160 Views
«Я хочу умереть!»— смаковал он.— «Да-да, жизнь — это совокупность блестящих осколков, рассованных по многочисленным карманам. И я один из таких карманов, непостижимыми нитками пришитый к бытию, набитый своей долей чудесных осколков. И все люди, и животные, и, наверное, даже растения, как и я — карманы. Если все сразу умрут, оторвутся от штанины бытия, то все выпавшие осколки сложатся в Бога».
Так вот он думал, этот Борхезов, который смаковал вкуснейшую «всемпоморде» фразу: «Я хочу умереть!», запивая её эрзац-кофе из ячменных зёрен, сдобренных корицей и синтезированным кофеином. Заедал плюшками и кренделями. Вскочил. Снова сел.Записал мысль в блокнот. Перечитал. Вновь на ноги. Заметался по комнате. Схватил со стола гроздь налитых сизых ягод. Давил озябшими от нагрянувшего потустороннего озноба пальцами липкие виноградины, не успевая донести их до искаженного громадомыслием рта — душа пребывала в исключительном танатовозбуждении.
Умереть! Более не жить! Таков правильный смысл!
Изнемогая от истомы последствий нагрянувшего из Ниоткуда откровения, Борхезов, обессиленный, манекеном свалился на пол и заелозил телом по натёртому парафином паркету, занурил кисть под китайские треники, нащупал увеличенное кровью жизньдающее, стал его мять… иступлённо заныл, облегчённо несдержался и, некоторое время, приятно отдыхал, ощущая, впрочем, неудобство вязко-липкого белья.
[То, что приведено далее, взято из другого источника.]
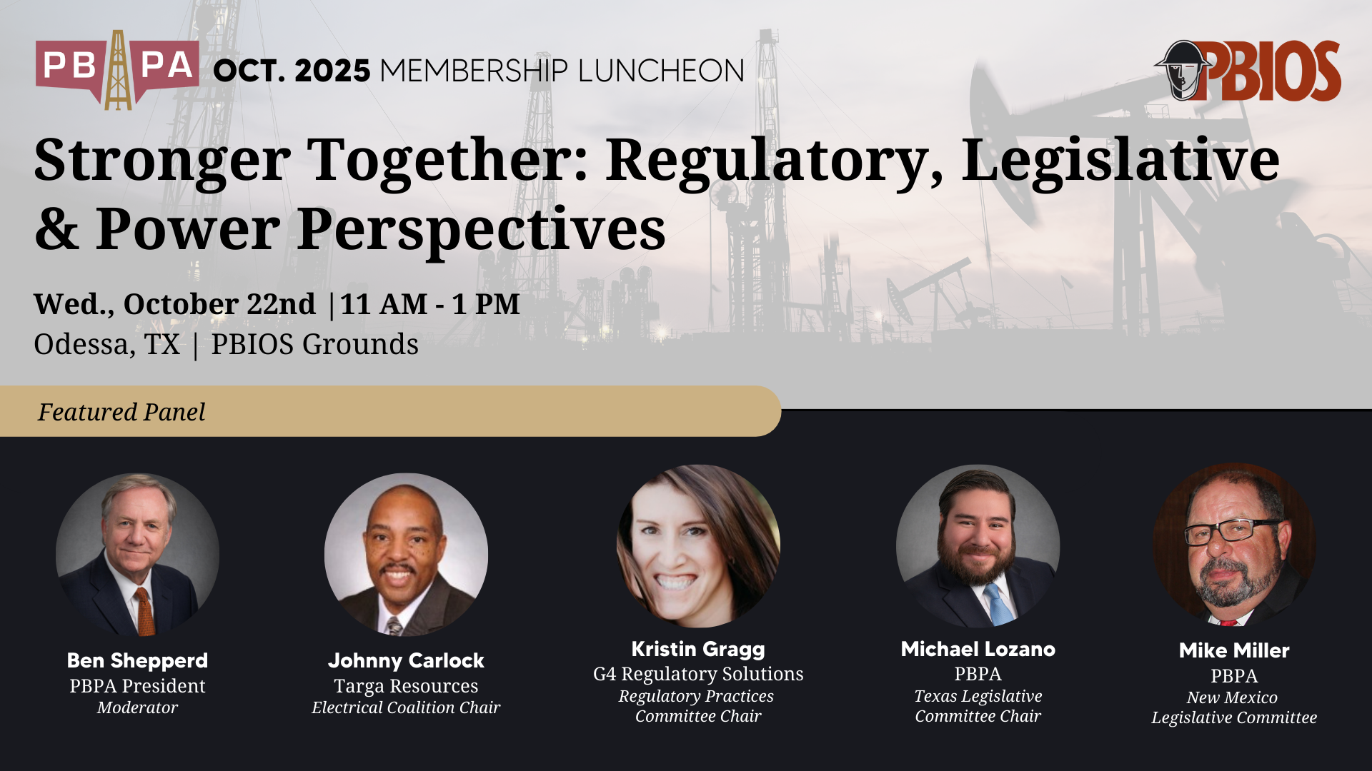 Join the PBPA at the Permian Basin International Oil Show for a special luncheon on Wednesday, October 22nd. Hear directly from PBPA leaders as they share updates on recent Texas & New Mexico legislation, regulatory practices, and electrical infrastructure challenges shaping the Permian Basin. This panel discussion will provide valuable insights into the issues impacting operators and service companies alike. Rarely do PBPA’s committee chairs get together for this type of joint discussion. You won’t want to miss it!

Собравшись с силами, он принял душ, приоделся и отправился в город, изыскивать пути перехода в мир иной.
Липовецкий, встреченный им у входа в метро, был первым из тех, кто выслушивая Борхезова, забывал следить за вЕками, в силу чего, фонетической молью трепетал на конце языка тех, кто лицо его видел, астрономический термин «орбита».
— Ну ты, брат, того… — многозначительно высказался Липовецкий, рассеянно уставившись базедовым взглядом восвояси.— Теория однако…
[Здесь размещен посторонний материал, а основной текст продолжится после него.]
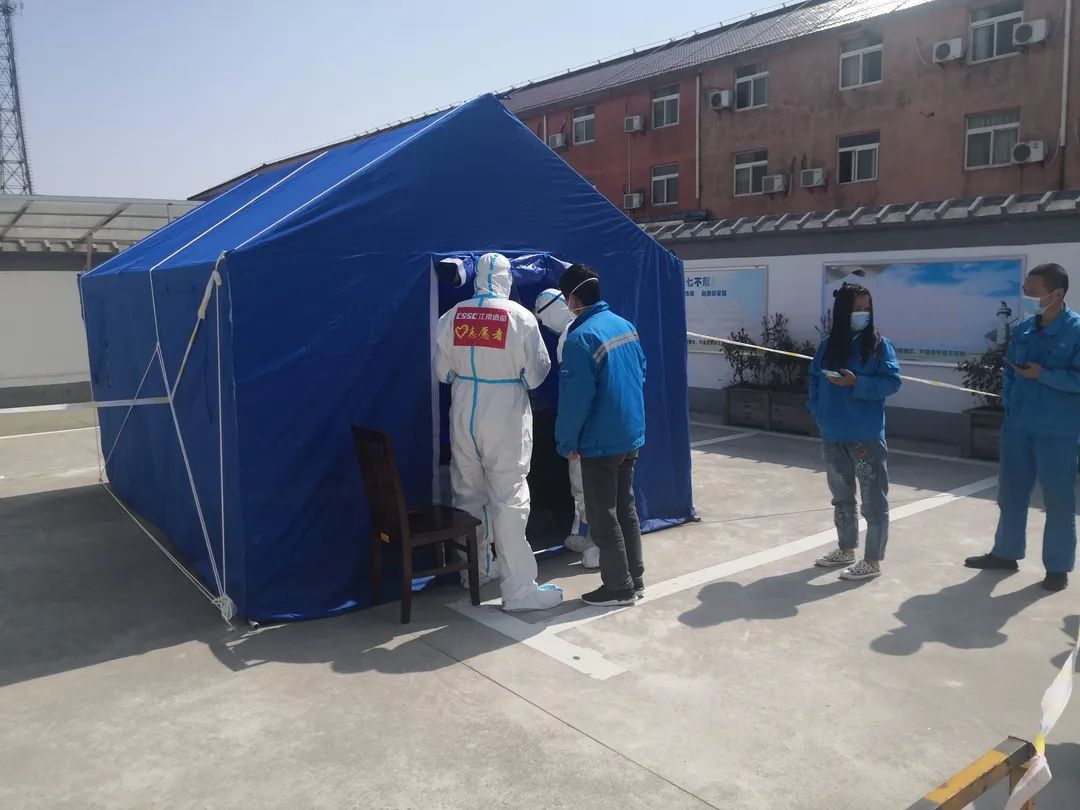 臨時黨支部和工作組的成立,把每個人都納入了組織,一些員工看到工作組成立后激動地表示,“終于找到組織了”。在他們的支持下,社區(qū)村居的核酸檢測由內(nèi)部志愿者配合醫(yī)護人員完成,不用江南造船再派出志愿者到村居,減少了人員交叉,降低了感染風(fēng)險。

Борхезов, принимая этот затуманенный непониманием взор за показатель глубокомысленного процесса, смущённо вотвоткал:
— Вот-вот! Вот-вот! Это — Мысль! Мысль с большой буквы! Вот-вот! — повторял возбуждённый Борхезов и дёргал головой, роняя слёзы восхищения — как он, оказывается, понимаем друзьями!
— Косое утро. Диагонали солнечных лучей искусственно смотрятся в тумане мглы смога. Ситотуннели туч тому виной. Солнце пропущено сквозь дуршлаг с беспорядочно просверленными отверстиями. Беспорядочно как в плоскости, так и в… — вот тут-то я и застрял, — сказал Липовецкий. — Что за слово употребить, чтобы выразить… ну, что лучи солнца падают не отвесно, а косо?.. И косо, и отвесно, и, причём, по-разному косо… А?
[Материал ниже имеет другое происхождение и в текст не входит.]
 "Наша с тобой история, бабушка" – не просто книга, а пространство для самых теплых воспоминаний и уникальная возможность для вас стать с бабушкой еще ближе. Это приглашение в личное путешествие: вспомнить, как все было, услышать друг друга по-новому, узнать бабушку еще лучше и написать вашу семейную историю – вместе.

Борхезов, нетерпеливо выслушивая внезапно разразившегося творчеством Липовецкого, изрёк:
— Ну, наверное… как в плоскости, так и в глубости?
— Глубости? Гм. Похоже на «грубости»…
— Или «глупости»… — заметил Борхезов — Вот. А я, значит, решил умереть.
— Да-да. Да-да, — сказал рьянотонно Липовецкий. — Глубости. Продырявленно не наотмашь, а косо… Вглубь, но косо…
— Наотмашь не дырявят, — заметил Борхезов.
— Неплохо… Неплохо… — потирая руки, кивал Липовецкий. — А ты читал мою новую книгу «Штука турка»?
— «Штукатурка»? — удивлённо перепросил Борхезов. — Из жизни стройбатовцев, что ли?
— Не, не… «Штука турка». Это мне Баркасов подсказал. Приходит и говорит, мол, я, говорит, пополнил «Бестолковый словарь». «Штукатурка» — это что? А я ему: не знаю. А он мне: ага! Штука турка — это половой орган азиата! Смешно, правда?
— Угу, — ответил Борхезов. Какими нелепыми казались ему в этот момент все ухищрения, комбинируемые в рулетообразном, склизком сгустке, оберегаемом хлипкой костночерепной оболочкой. Ведь смерть!
— Так о чём эта твоя книга? — из вежливости спросил он.
— О-о! Книга — класс! Никто не пожелает печатать — это ли не показатель! Забоятся! Вызов общественному мнению — вот что это за книга!
— Но о чём, о чём?! — недовольно наталкивал на суть Борхезов, раздражённый тем, что ему приходится отсрочивать долгожданную смерть.
— Лучше почитаешь! Я дам тебе экземпляр. Как можно рассказать книгу в двух словах? Невозможно, ибо в двух словах таится превратность.
— В двух словах… — повторил Борхезов. — «Штука турка».
— Красноречивое название, правда? — оживился Липовецкий. — Два слова, но ими сказано всё! Я долго думал над названием. Название должно быть ёмким: в нём должно заключаться всё произведение, как некогда в точке заключалась Вселенная. Помнится, я хотел создать роман, название которого — точка. Полиграфический знак. Просто точка. Но потом я подумал: э-э, нет! Это ж ведь плагиат у Бога! Понимаешь? Это название, как я себе мыслил, в тоже время и есть весь роман. Роман-название. Роман-точка. Это — всеобщая суть. Всё было точкой и всё станет точкой! Вся литература, всё искусство стремится, и, в конце концов, прийдёт к точке!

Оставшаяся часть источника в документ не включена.